Data provided:
..........
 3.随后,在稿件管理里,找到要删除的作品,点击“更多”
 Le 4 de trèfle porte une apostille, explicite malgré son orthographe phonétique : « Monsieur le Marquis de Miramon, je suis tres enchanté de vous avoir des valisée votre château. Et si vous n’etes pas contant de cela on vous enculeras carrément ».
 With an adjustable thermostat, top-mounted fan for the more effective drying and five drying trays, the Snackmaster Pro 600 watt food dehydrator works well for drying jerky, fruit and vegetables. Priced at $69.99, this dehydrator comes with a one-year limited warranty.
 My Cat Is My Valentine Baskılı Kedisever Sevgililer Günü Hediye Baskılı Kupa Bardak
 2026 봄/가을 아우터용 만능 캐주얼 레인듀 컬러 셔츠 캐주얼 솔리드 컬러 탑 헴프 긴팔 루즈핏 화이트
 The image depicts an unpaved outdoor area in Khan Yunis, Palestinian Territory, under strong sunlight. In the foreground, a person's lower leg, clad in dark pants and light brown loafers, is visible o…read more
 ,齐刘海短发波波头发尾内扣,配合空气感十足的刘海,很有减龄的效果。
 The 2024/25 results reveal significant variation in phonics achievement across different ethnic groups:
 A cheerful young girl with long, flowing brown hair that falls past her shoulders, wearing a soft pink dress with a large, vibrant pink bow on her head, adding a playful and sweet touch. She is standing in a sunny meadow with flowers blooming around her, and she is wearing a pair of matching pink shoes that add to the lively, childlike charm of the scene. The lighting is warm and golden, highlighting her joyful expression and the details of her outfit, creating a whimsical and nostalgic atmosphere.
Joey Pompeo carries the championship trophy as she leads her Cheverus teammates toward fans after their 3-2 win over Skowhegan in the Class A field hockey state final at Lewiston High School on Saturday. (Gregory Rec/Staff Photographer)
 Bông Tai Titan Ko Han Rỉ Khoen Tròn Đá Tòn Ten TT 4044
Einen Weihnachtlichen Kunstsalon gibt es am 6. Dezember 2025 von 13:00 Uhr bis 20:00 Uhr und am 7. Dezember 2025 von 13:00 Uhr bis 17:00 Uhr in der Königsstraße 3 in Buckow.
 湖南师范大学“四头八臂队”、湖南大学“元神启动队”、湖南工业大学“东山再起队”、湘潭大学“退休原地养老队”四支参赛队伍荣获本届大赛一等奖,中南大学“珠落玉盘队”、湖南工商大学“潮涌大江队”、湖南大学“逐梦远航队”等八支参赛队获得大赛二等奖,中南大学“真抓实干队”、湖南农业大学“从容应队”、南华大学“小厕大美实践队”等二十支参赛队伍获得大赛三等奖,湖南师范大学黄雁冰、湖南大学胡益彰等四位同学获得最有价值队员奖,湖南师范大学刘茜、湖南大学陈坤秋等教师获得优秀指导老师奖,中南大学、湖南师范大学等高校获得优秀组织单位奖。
..........
What this task involves: One line above contains "Joey Pompeo carries". Output that line and each one after it, word for word, and nothing else.

Solution below:
Joey Pompeo carries the championship trophy as she leads her Cheverus teammates toward fans after their 3-2 win over Skowhegan in the Class A field hockey state final at Lewiston High School on Saturday. (Gregory Rec/Staff Photographer)
 Bông Tai Titan Ko Han Rỉ Khoen Tròn Đá Tòn Ten TT 4044
Einen Weihnachtlichen Kunstsalon gibt es am 6. Dezember 2025 von 13:00 Uhr bis 20:00 Uhr und am 7. Dezember 2025 von 13:00 Uhr bis 17:00 Uhr in der Königsstraße 3 in Buckow.
 湖南师范大学“四头八臂队”、湖南大学“元神启动队”、湖南工业大学“东山再起队”、湘潭大学“退休原地养老队”四支参赛队伍荣获本届大赛一等奖,中南大学“珠落玉盘队”、湖南工商大学“潮涌大江队”、湖南大学“逐梦远航队”等八支参赛队获得大赛二等奖,中南大学“真抓实干队”、湖南农业大学“从容应队”、南华大学“小厕大美实践队”等二十支参赛队伍获得大赛三等奖,湖南师范大学黄雁冰、湖南大学胡益彰等四位同学获得最有价值队员奖,湖南师范大学刘茜、湖南大学陈坤秋等教师获得优秀指导老师奖,中南大学、湖南师范大学等高校获得优秀组织单位奖。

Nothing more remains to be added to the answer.